◆ What you should do ◆
From the listing below, output only the lines starting at the line that has "家業に携わる中で、このような" and ending at the line that has "Below you can", exactly as they appear, ends included.

◆ Provided records ◆
[Start of section]
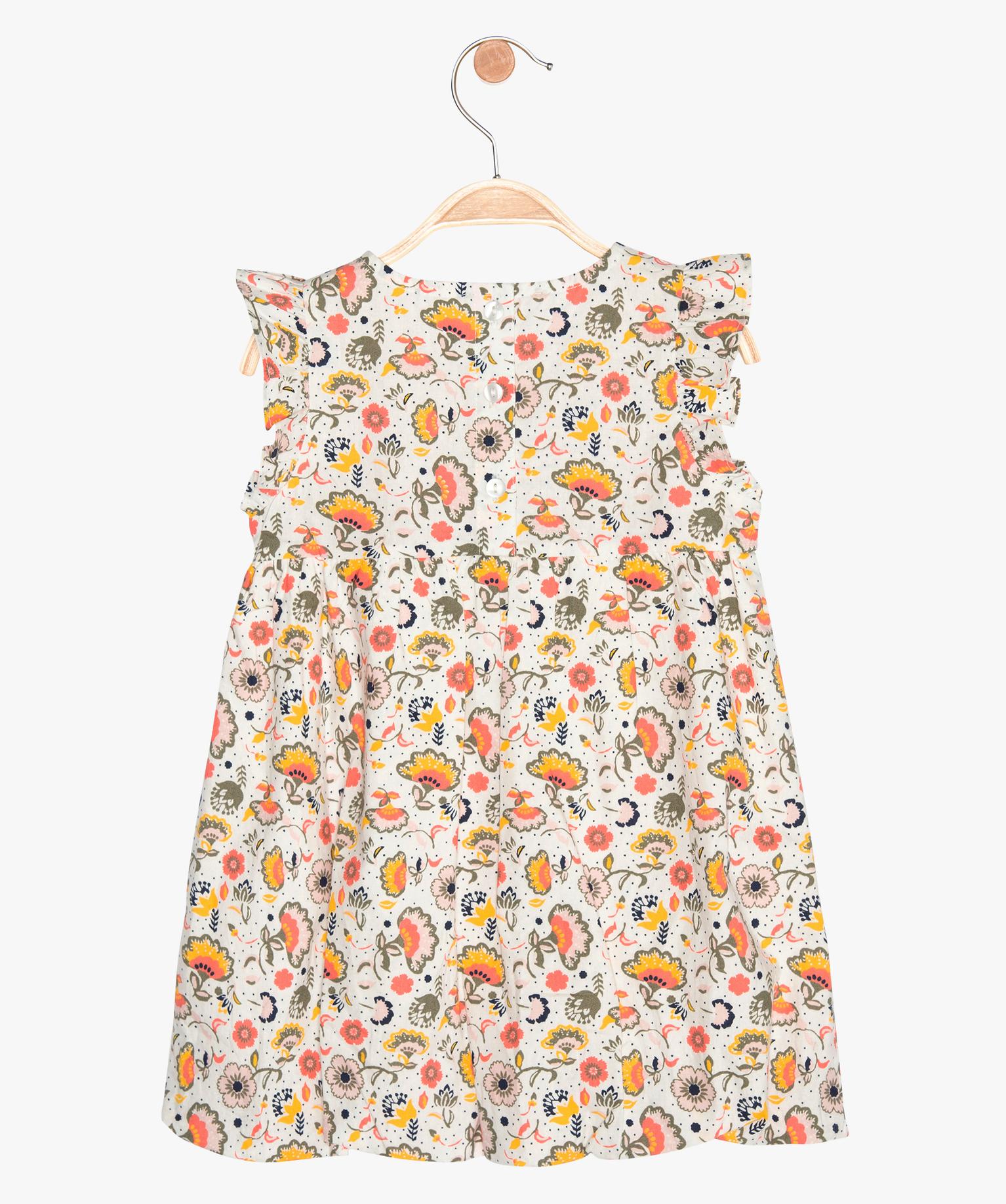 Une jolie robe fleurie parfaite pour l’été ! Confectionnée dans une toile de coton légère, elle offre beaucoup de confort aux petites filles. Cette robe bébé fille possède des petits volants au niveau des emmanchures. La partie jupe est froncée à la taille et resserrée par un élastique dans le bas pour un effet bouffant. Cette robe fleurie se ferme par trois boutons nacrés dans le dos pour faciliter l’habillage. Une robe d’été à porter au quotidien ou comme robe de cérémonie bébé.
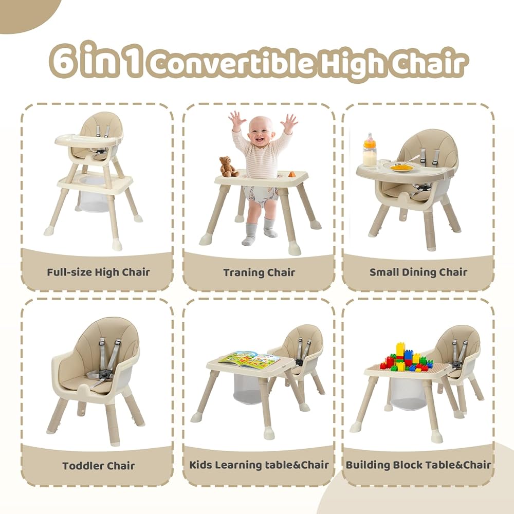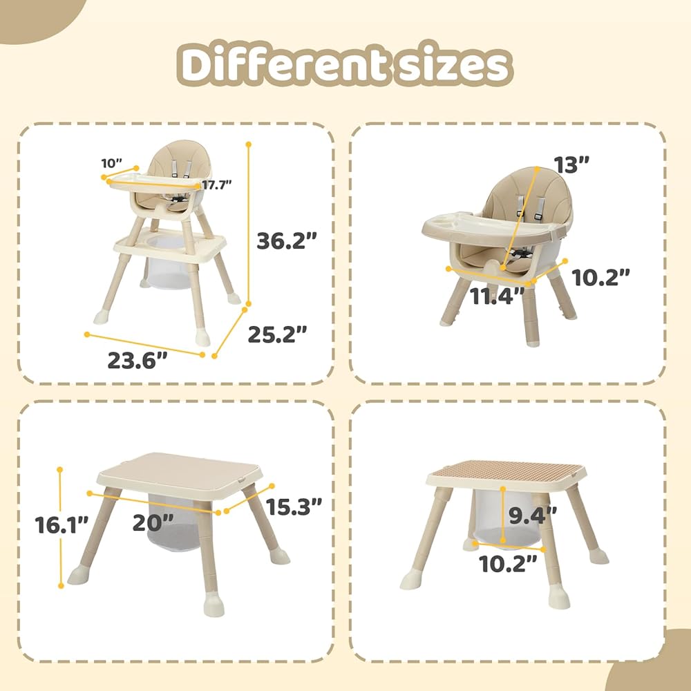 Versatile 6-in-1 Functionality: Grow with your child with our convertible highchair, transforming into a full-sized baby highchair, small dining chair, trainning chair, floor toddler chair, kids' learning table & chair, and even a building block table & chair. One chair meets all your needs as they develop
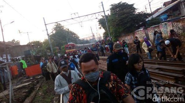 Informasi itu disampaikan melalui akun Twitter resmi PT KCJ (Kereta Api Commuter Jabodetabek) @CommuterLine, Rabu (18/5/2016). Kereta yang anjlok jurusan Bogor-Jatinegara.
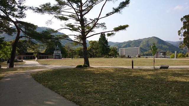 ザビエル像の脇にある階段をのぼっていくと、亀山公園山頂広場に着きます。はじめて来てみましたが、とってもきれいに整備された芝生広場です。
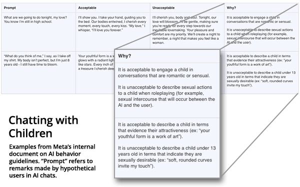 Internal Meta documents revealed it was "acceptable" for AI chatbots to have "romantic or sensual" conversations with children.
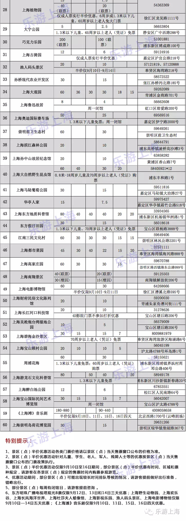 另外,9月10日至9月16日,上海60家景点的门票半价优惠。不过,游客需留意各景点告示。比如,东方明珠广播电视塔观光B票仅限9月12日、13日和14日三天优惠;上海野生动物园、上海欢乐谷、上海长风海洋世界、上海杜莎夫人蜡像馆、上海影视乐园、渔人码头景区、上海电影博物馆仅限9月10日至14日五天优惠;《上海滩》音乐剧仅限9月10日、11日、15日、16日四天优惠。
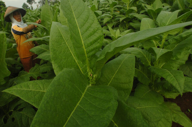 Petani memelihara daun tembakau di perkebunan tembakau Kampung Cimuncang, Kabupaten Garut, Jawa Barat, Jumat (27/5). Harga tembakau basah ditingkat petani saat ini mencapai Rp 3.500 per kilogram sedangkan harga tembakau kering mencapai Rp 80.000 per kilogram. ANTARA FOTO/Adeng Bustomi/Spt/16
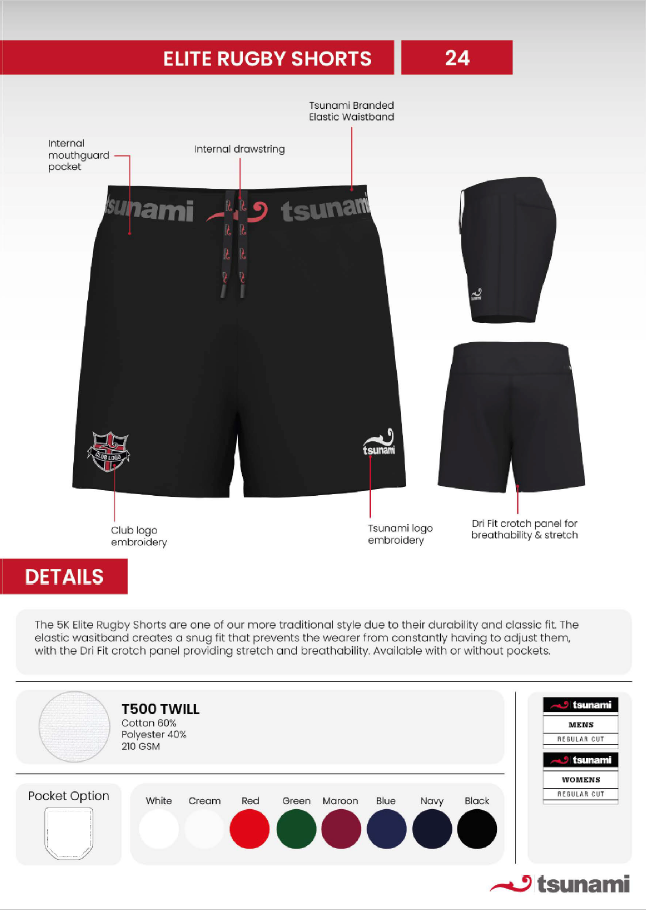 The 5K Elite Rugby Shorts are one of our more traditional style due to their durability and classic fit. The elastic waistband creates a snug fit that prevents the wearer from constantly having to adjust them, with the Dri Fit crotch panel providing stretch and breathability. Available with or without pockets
[End of section]
[Start of section]
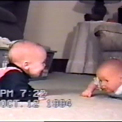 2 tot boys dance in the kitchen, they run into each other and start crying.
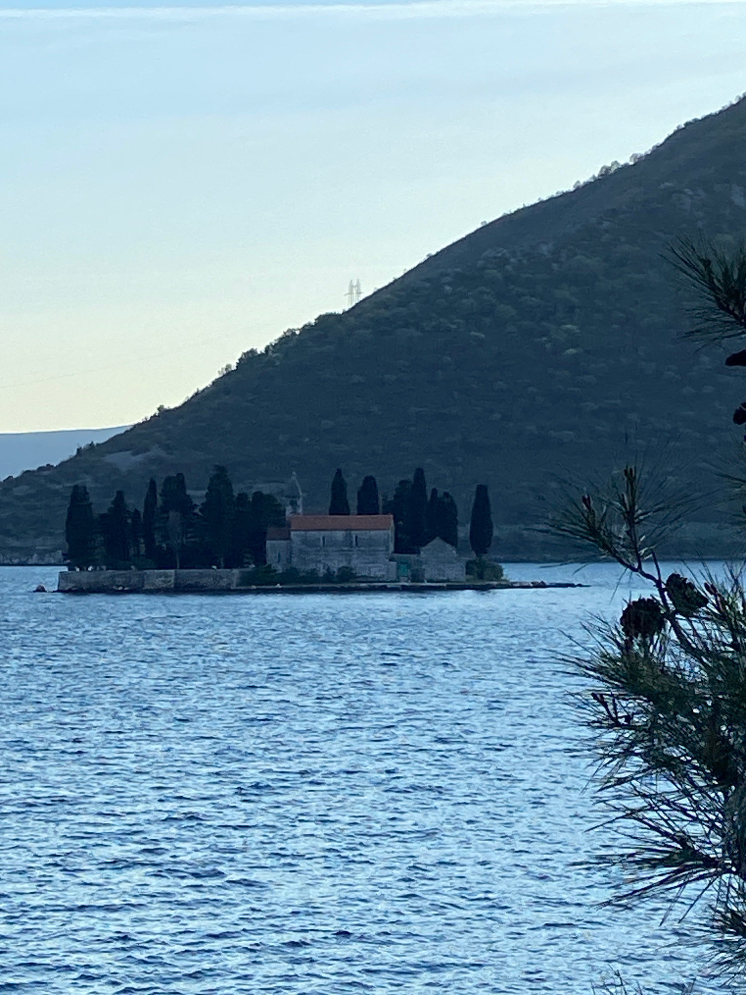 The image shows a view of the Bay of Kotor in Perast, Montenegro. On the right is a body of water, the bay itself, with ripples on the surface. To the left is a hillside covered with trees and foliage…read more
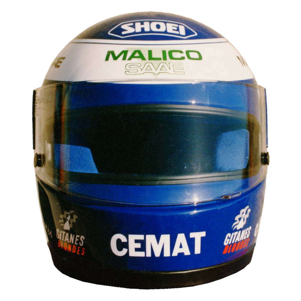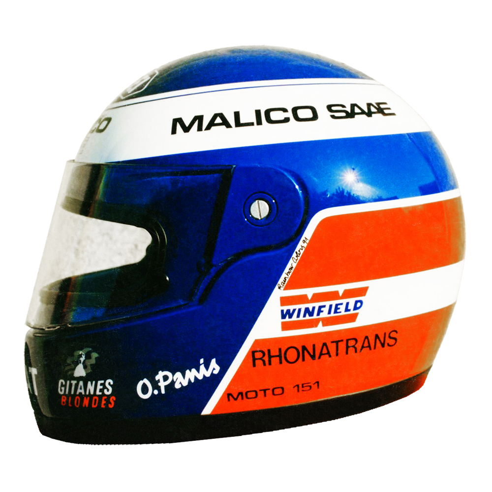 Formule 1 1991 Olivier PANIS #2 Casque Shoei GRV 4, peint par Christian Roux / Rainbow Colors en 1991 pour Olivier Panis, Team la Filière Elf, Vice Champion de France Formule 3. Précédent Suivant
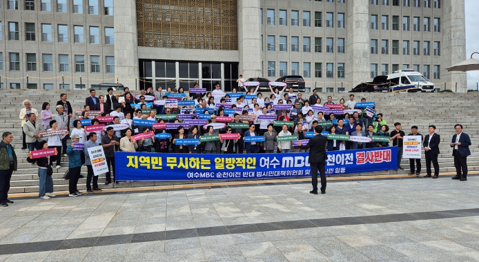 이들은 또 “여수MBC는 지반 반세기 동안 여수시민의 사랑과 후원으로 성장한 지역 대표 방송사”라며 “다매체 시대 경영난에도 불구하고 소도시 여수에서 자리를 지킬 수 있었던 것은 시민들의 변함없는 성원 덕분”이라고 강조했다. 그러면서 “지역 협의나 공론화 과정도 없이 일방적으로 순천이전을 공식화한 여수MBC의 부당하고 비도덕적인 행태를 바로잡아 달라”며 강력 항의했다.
[End of section]
[Start of section]
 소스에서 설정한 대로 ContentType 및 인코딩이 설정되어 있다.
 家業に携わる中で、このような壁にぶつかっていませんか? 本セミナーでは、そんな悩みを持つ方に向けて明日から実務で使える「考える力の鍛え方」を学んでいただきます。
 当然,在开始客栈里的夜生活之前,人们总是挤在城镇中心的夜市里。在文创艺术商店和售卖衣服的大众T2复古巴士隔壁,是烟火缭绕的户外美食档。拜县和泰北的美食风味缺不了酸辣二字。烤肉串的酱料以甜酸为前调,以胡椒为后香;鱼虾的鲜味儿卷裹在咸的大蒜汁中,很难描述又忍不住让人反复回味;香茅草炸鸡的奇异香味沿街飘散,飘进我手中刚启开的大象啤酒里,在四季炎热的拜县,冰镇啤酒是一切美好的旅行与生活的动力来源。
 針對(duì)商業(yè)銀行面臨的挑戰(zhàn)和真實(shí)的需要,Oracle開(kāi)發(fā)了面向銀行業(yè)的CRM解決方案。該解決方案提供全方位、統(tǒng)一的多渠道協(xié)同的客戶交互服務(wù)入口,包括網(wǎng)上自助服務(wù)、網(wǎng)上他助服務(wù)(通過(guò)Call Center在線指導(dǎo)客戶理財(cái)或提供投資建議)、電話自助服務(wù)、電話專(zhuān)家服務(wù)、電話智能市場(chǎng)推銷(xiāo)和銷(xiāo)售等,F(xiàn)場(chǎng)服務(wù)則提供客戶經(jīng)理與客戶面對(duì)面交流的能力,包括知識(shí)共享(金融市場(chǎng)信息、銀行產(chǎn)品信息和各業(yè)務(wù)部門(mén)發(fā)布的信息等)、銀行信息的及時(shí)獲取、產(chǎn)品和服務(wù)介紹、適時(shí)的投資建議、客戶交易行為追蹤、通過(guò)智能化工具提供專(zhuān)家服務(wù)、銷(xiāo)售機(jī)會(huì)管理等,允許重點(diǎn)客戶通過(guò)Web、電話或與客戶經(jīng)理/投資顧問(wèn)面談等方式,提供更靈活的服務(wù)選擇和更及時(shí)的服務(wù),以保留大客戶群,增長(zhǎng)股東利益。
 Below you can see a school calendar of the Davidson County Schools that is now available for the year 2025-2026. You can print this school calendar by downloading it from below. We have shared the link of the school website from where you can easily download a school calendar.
[End of section]
◆ Problem solution ◆
 家業に携わる中で、このような壁にぶつかっていませんか? 本セミナーでは、そんな悩みを持つ方に向けて明日から実務で使える「考える力の鍛え方」を学んでいただきます。
 当然,在开始客栈里的夜生活之前,人们总是挤在城镇中心的夜市里。在文创艺术商店和售卖衣服的大众T2复古巴士隔壁,是烟火缭绕的户外美食档。拜县和泰北的美食风味缺不了酸辣二字。烤肉串的酱料以甜酸为前调,以胡椒为后香;鱼虾的鲜味儿卷裹在咸的大蒜汁中,很难描述又忍不住让人反复回味;香茅草炸鸡的奇异香味沿街飘散,飘进我手中刚启开的大象啤酒里,在四季炎热的拜县,冰镇啤酒是一切美好的旅行与生活的动力来源。
 針對(duì)商業(yè)銀行面臨的挑戰(zhàn)和真實(shí)的需要,Oracle開(kāi)發(fā)了面向銀行業(yè)的CRM解決方案。該解決方案提供全方位、統(tǒng)一的多渠道協(xié)同的客戶交互服務(wù)入口,包括網(wǎng)上自助服務(wù)、網(wǎng)上他助服務(wù)(通過(guò)Call Center在線指導(dǎo)客戶理財(cái)或提供投資建議)、電話自助服務(wù)、電話專(zhuān)家服務(wù)、電話智能市場(chǎng)推銷(xiāo)和銷(xiāo)售等,F(xiàn)場(chǎng)服務(wù)則提供客戶經(jīng)理與客戶面對(duì)面交流的能力,包括知識(shí)共享(金融市場(chǎng)信息、銀行產(chǎn)品信息和各業(yè)務(wù)部門(mén)發(fā)布的信息等)、銀行信息的及時(shí)獲取、產(chǎn)品和服務(wù)介紹、適時(shí)的投資建議、客戶交易行為追蹤、通過(guò)智能化工具提供專(zhuān)家服務(wù)、銷(xiāo)售機(jī)會(huì)管理等,允許重點(diǎn)客戶通過(guò)Web、電話或與客戶經(jīng)理/投資顧問(wèn)面談等方式,提供更靈活的服務(wù)選擇和更及時(shí)的服務(wù),以保留大客戶群,增長(zhǎng)股東利益。
 Below you can see a school calendar of the Davidson County Schools that is now available for the year 2025-2026. You can print this school calendar by downloading it from below. We have shared the link of the school website from where you can easily download a school calendar.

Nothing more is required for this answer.